Book Review: Homecoming

There are some characters in novels that stick with you all of your life.

Do you know what I mean?

We all remember Ramona Quimby – right?

People fall in love with Harry Potter and Frodo and Lucy Pevensie.  Maybe you can’t forget Oliver Twist or that one big guy in Of Mice and Men.

I remember a girl named Dicey as if we were next door neighbors or first cousins.

She and her siblings are the main characters in a book series by Cynthia Voight.  The first novel is Homecoming and the storyline shocked me as a kid and stuck right in my gut somewhere and I’ve never forgotten the vibe and the heart of that novel – not even thirty years later.  (I used to want to name my daughter Dicey.  It didn’t happen.  But that thought was always there.)
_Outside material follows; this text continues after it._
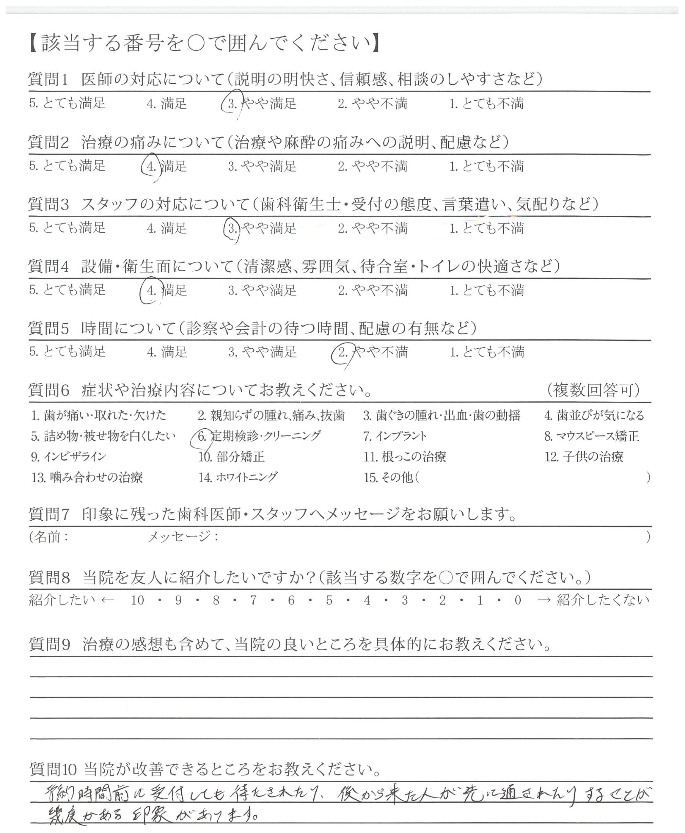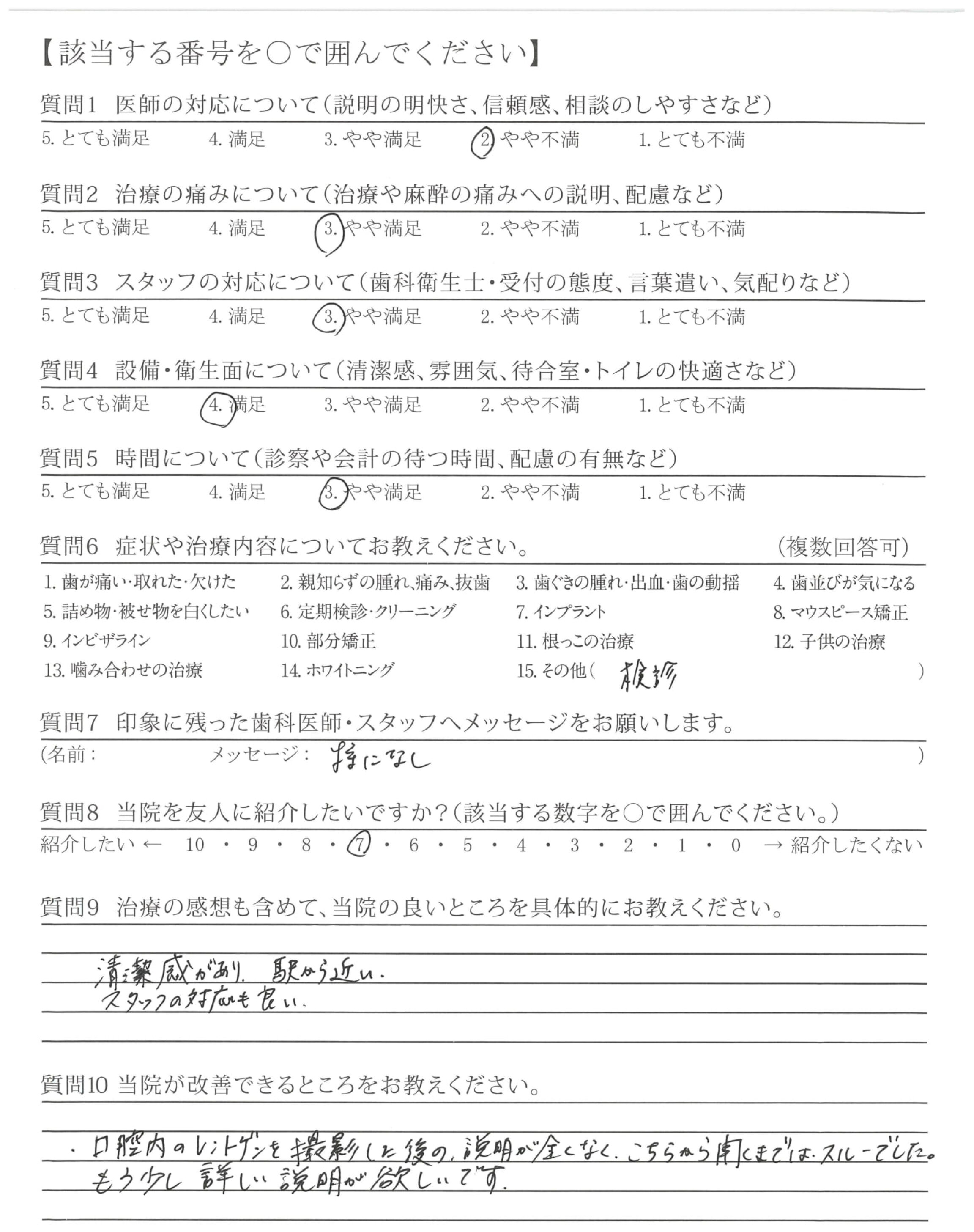 ・口腔内のレントゲンを撮影した後の、説明が全くなく、こちらから聞くまではスルーでした。もう少し詳しい説明が欲しいです。

Last week I finished rereading Homecoming (as a grown up!) because I wanted to consider it for our girls Book Club but remembered its content to be heavy and wanted to evaluate whether I thought the girls were ready for it just yet.

The story is a hard one, you guys.

Dicey and her three younger siblings live with their mom on the coast.  Their dad left them years earlier.  The novel opens with the four kids waiting in their blue station wagon in the parking lot of a mall.  It’s a hot summer day and their mom heads into the mall while the kids are instructed to listen to thirteen-year-old Dicey and stay put.
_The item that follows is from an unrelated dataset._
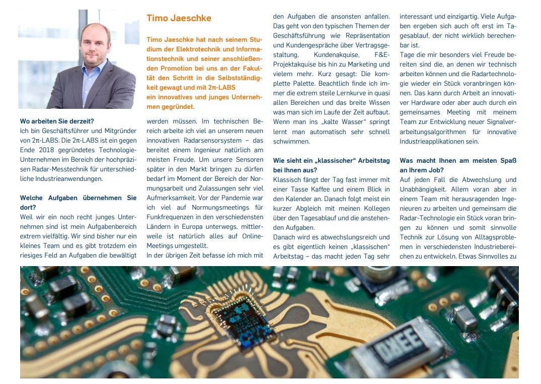 Ein weiteres Highlight: einige unserer Alumni berichten in Interviews von ihren ganz individuellen Karrierewegen und Jobmöglichkeiten nach dem Studium. Denn die Berufsfelder, in denen sich Absolvent:innen der Elektrotechnik und Informationstechnik sowie der IT-Sicherheit bewegen, sind vielfältig. Ob Start-up-Gründer:in, Manager:in im Unternehmen oder Karrierewege in der Forschung - alles ist möglich. Um die hervorragenden Entwicklungs- und Zukunftsperspektiven, aber auch die Vielfalt des Ingenieurberufs zu zeigen, haben wir einige unserer Absolvent:innen gebeten, in einem Interview Fragen zu Ihrem Joballtag zu beantworten. Nicht zuletzt durch Einblicke wie diese zeigt die Fakultät ETIT, was das ID-Gebäude und die Menschen darin ausmacht. Zudem erzählt die Fachschaft, wie der Studienalltag an der Fakultät ETIT aussehen kann.

The kids wait.  And wait.  And Mom never comes out of the mall.  The abandoned kids spend one night in the station wagon and then trek it out on their own.
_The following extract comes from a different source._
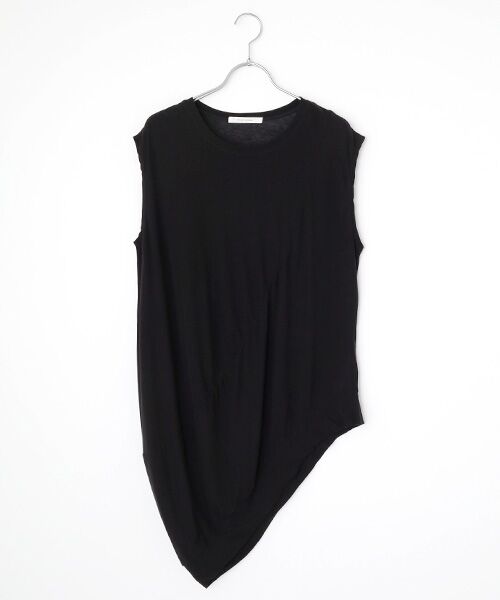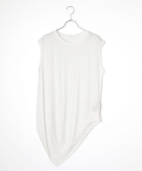 歪んだシルエットのプルオーバー。80番手の強撚糸を1本取りで編み立て、あえて斜行させたジャージー。一度洗いをかけることで斜行が安定し生地に独特な表情が生まれます。後ろ側にドレープが多めに出るように設定しています。薄い素材ですが素材がたっぷりしているので透け感を気にせず着ていただけます。裾でブラウジングできるので、体型に合わせて丈を決められることができ、いろいろなボトムに合わせられます。
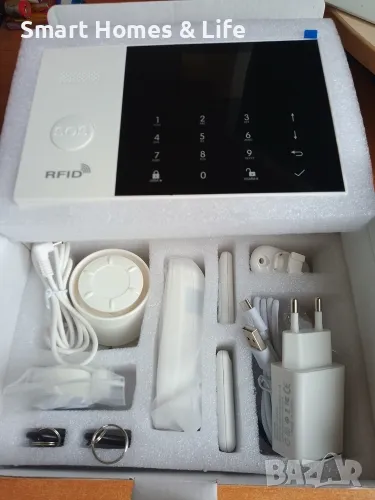 Контролният панел поддържа безжична връзка с обемни сензори за движение, магнитни датчици за врати и прозорци, детектори за дим,

Of course, this story is written before cell phones and the internet.  So there’s no texting to save them and they need to use an actual phone book.

Dicey is afraid to go to the police for fear of being separated from her siblings and the kids choose to band together no matter the cost.  They have a destination in mind of the home of a grandmother they’ve never met who lives down the coast.

The novel moves along following Dicey’s stoic efforts to feed her family and meet their physical needs, while wrestling with the fall out of her mother’s abandonment and her fears of what their future holds.  The pressure on a kid of this age is immense.

There’s so much to like in this story.  So much to worry about.  So much to fear for Dicey and James and Maybeth and Sammy.

Homecoming is such a worthwhile read.

Good literature should give you a place for your own feelings to land.  Good literature should make you think and it should make you feel and it should open your eyes to the thinking and the feeling of someone else too.

I think there’s something very powerful about putting novels like this in the hands of girls like mine.

Books are safe places.  Books are about other people and other people’s lives.  You can talk about other people and other people’s lives while kind of sort of trying out feelings and thoughts of your own about your own life.  But you say it’s about Dicey and you can see how that works out in your mind and in your words.  Safe.  Talkable.

It’s why Book Club started actually.

To talk about Big Things through safe characters in safe books with beginnings, middles and ends and a hard cover that you can close when you’ve had too much.

I think Homecoming is a perfect Book Club book actually.

And I still feel just as inspired by Dicey as a forty-two year old as I did when I met her as a twelve year old.